CDNs allow customer websites to store data such as images and videos on various mirror servers so it is closer to customers and loads faster. But as the Fastly experience showed the CDN outage had led to most of the websites being inaccessible. It also revealed just how the entire internet could go down if one of the major providers faced an issue.
There was the great Facebook outage of October, when all three of the company’s services: Facebook, Instagram and WhatsApp were down for nearly six hours. This one in particular hit hard given how dependent the world is on Facebook’s apps and services. Facebook later blamed the issue on a major DNS failure. A “faulty configuration change” was the official reason.
In a statement, Facebook said, “During one of these routine maintenance jobs, a command was issued with the intention to assess the availability of global backbone capacity, which unintentionally took down all the connections in our backbone network, effectively disconnecting Facebook data centres globally.”

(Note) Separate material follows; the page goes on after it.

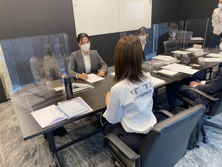 午前中は働く目的や社会人の心得、電話対応などのビジネスマナーを学び、午後からは実際BMW/MINI神戸ハーバー店のショールームで、それぞれの特徴や魅力を目で見て、触れて体感することができました。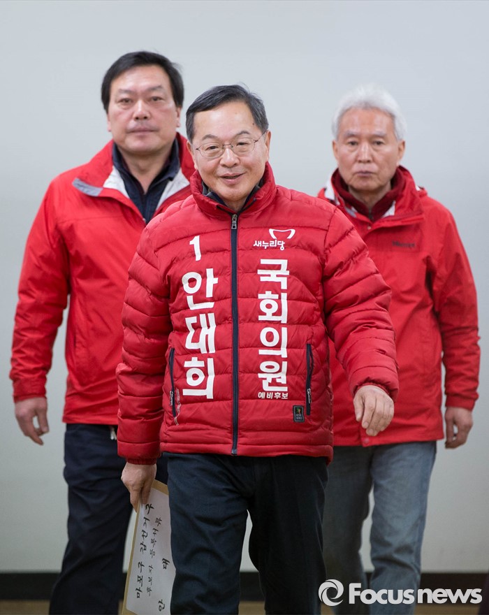(서울=포커스뉴스) 20대 총선 후보자 등록이 시작된 24일 오전 서울 마포구 선관위에서 새누리당 안대희 후보가 등록 서류를 제출하러 들어서고 있다.

Essentially, it was a Border Gateway Protocol (BGP) routing issue. BGP routing allows networks to connect with each other, and given the configuration change, there were no BGP routes to Facebook’s networks, thus causing the massive outage.
And in November, Google’s services were down for users in Europe, Asia, and the US, and took some time to resolve. Google, however, did not give clear reasons on what caused the outage.
Discovered in the month of December, Log4j or Log4shell vulnerability has sent major tech companies scrambling to ensure that they are updated against the flaw. The vulnerability, discovered in one of the most used logging libraries, pretty much impacts most major services from Microsoft’s Minecraft to Apple iCloud to Twitter to enterprise products such as those from VMWare, Cisco, etc.
The open-source logging library can allow hackers to take over an application or computer system easily. Exploits for this already exist and are being used to run crypto-mining scams. Experts also state that the flaw can allow for leakage of sensitive data, which poses more threats to bigger institutions such as banks, financial services, enterprise services.
There’s no doubt that the Log4j is a critical flaw that most companies are worried about and trying to install the latest patch quickly. It is also another reminder of how cybersecurity flaws will continue to haunt the tech world and the risks that they bring once exposed.